Ja, ja, ja. Herr Doktor knew what it looked like. He once saw an elephant go in the midst of a circus performance. The audience gasped. Then roared bravo as clowns with brooms bumbled in to clean up.
“Right between their blank empty heads!” Fräulein said loudly through her teeth. Then, with disgust, “They were laughing! Laughing as the horse shit between th
eir faces!”
Her parents’ blank dummy heads — just open mouths and painted lips, jeering laughter from empty noggins. He exulted; who cared how revolting her story was. That she told him. After all these months, letting it out for him to see. Telling him because she wanted to! He was winning!
A hard object struck him on the cheek, clattering to the floor. The girl had flung a mother-of-pearl hair comb at him, and now she flung another, screaming, “They were laughing! Laughing! And shit between their faces!”
His absurd exultation vanished. The second comb hit him square on the forehead, and he saw a bright flash. “Get down,” she raged at him. “On your knees. Down for the Queen!”

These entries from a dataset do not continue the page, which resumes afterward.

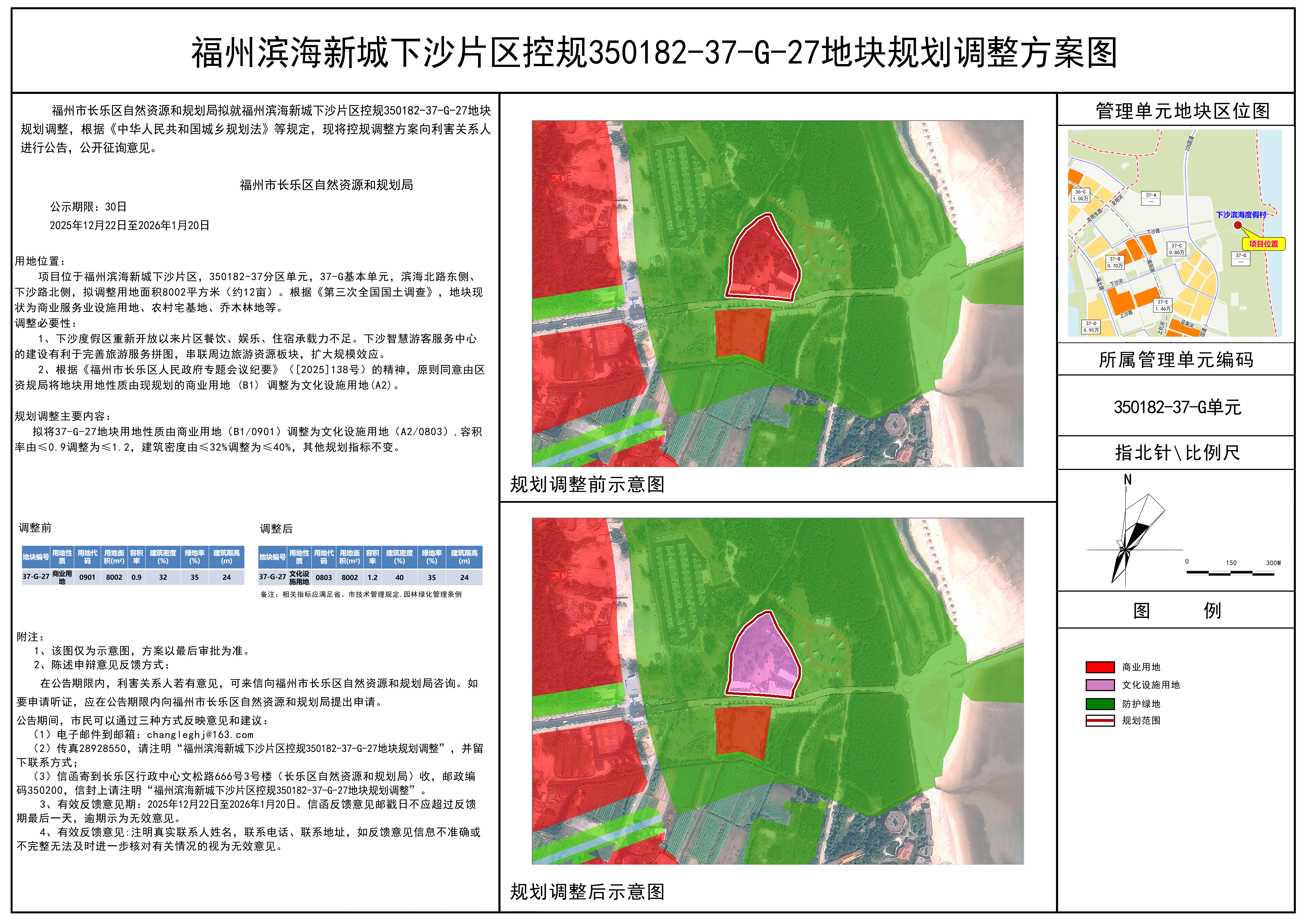 3、信函寄到长乐区行政中心文松路666号3号楼(长乐区自然资源和规划局)收,邮政编码350200,信封请注明“福州滨海新城下沙片区控规350182-37-G-27地块规划调整方案意见”。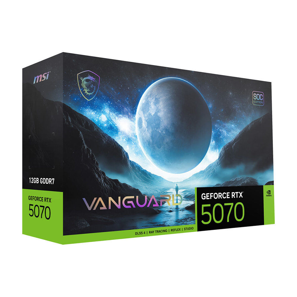 Видеокарта MSI GeForce RTX 5070 VANGUARD SOC на базе архитектуры NVIDIA Blackwell и DLSS 4. Играйте в свои любимые игры в высоком разрешении и с высокой частотой кадров благодаря 12 ГБ видеопамяти GDDR7 и 192-битному интерфейсу памяти, которые обеспечивают более высокую производительность по сравнению с предыдущим поколением на базе Ada Lovelace.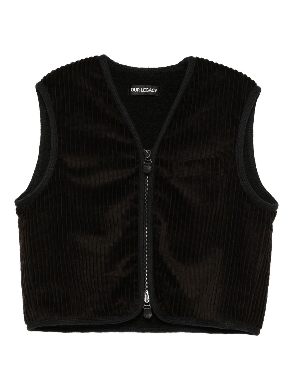 cotton vest Highlights - Black - Front two-way zip fastening - V-neck - Sleeveless - Chest welt pocket Imported Composition Lining: Polyester 80%, Acrylic 20% Outer: Cotton 100% SIZE & FIT Model measurements Height 6 ft 3 in(1.9 m) Bust/Chest 19.29 in(49 cm) Hips 38.58 in(98 cm) Waist 32.28 in(82 cm) FittingInformation Designed for a boxy fit, intended for a loose fit throughout Cropped in length Made from a midweight non-stretch fabric Washing instructions Machine Wash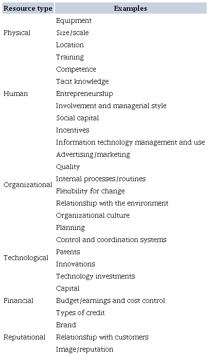 Classical strategy authors have proposed different classifications for resources (Penrose, 1959; Wernerfelt, 1984; Barney, 1991) and agree upon the importance of heterogeneity in generating returns for the firm through competitive advantage. Penrose’s (1959) classification was the basis for subsequent categorizations. For the author, resources are assets available to the firm for use according to a management decision and comprise two types: physical and human.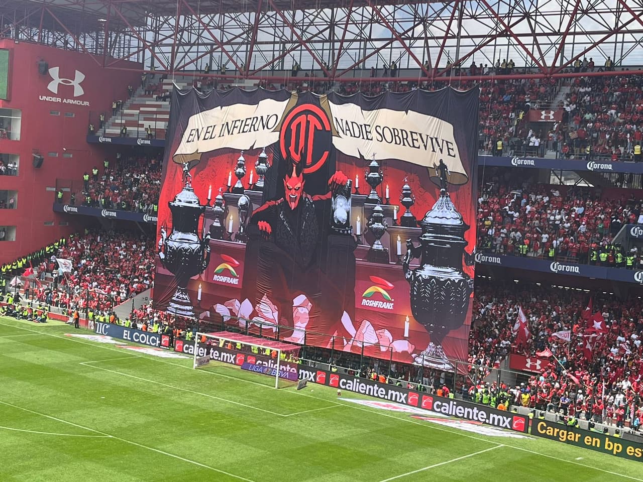 Los fans de los Diablos Rojos soltaron una gran manta en apoyo a su equipo ante Tigres este domingo.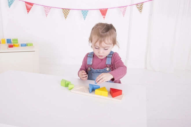 Proste kształty i wyraziste kolory (czerwony, niebieski, zielony, żółty) wspierają percepcję wzrokową i logiczne porządkowanie. Wkładanie w odpowiednie miejsca wzmacnia prawidłowe dopasowywanie.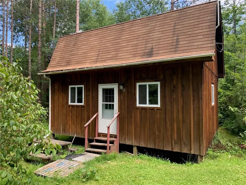 If you are looking for a "GET AWAY" Here is your chance to own a cute 960 sq. ft two story Amish built cabin on 8.14 acres. This property is ADJACENT TO STATE LAND. It's a wooded parcel with a creek and very private but is close to the village of Alfred. It has electric service to the cabin. There is a digester type toilet. It is ready for your finishing touches. Drywall still needs to be installed. Add well and septic and this could be year-round. The property also has a shed for storage. There is a 10ft ROW along back of property allowing neighbors access to State Land. Delayed Negotiations until Aug 14th, 5:00 PM

She flung a book, which found its mark, and then another, and a black marble paperweight in the shape of an egg, which glanced off his forearm and thudded against the wall, cracking the plaster. He covered his ringing head, warding off the blows as they came. He had forgotten how strong insane people could be. Beaten down as the air in the room went gray. He faintly heard her shouting, “On your knees! Your knees!”
“I am!” he wailed.
“Lower,” she ordered.
“I am.” Pleading now.
“Lower!”
“Please,” he begged. He feared she’d throw something heavy or sharp. He had a brief vision of a broken skull. The brains leaking out. What idiocy to have been so hopeful. He waited for the final blow to come. He had almost given up caring if he died.
“That’s better,” she said at last. “Get up.”
Warily he peered at her. She sat on the bed, cold and cruel, a thin smile across her startling red lips. She had bitten them in her tantrum, and they stood out, moist and swollen. She held the silver hairbrush limply in her hand. Presenting the long handle for him.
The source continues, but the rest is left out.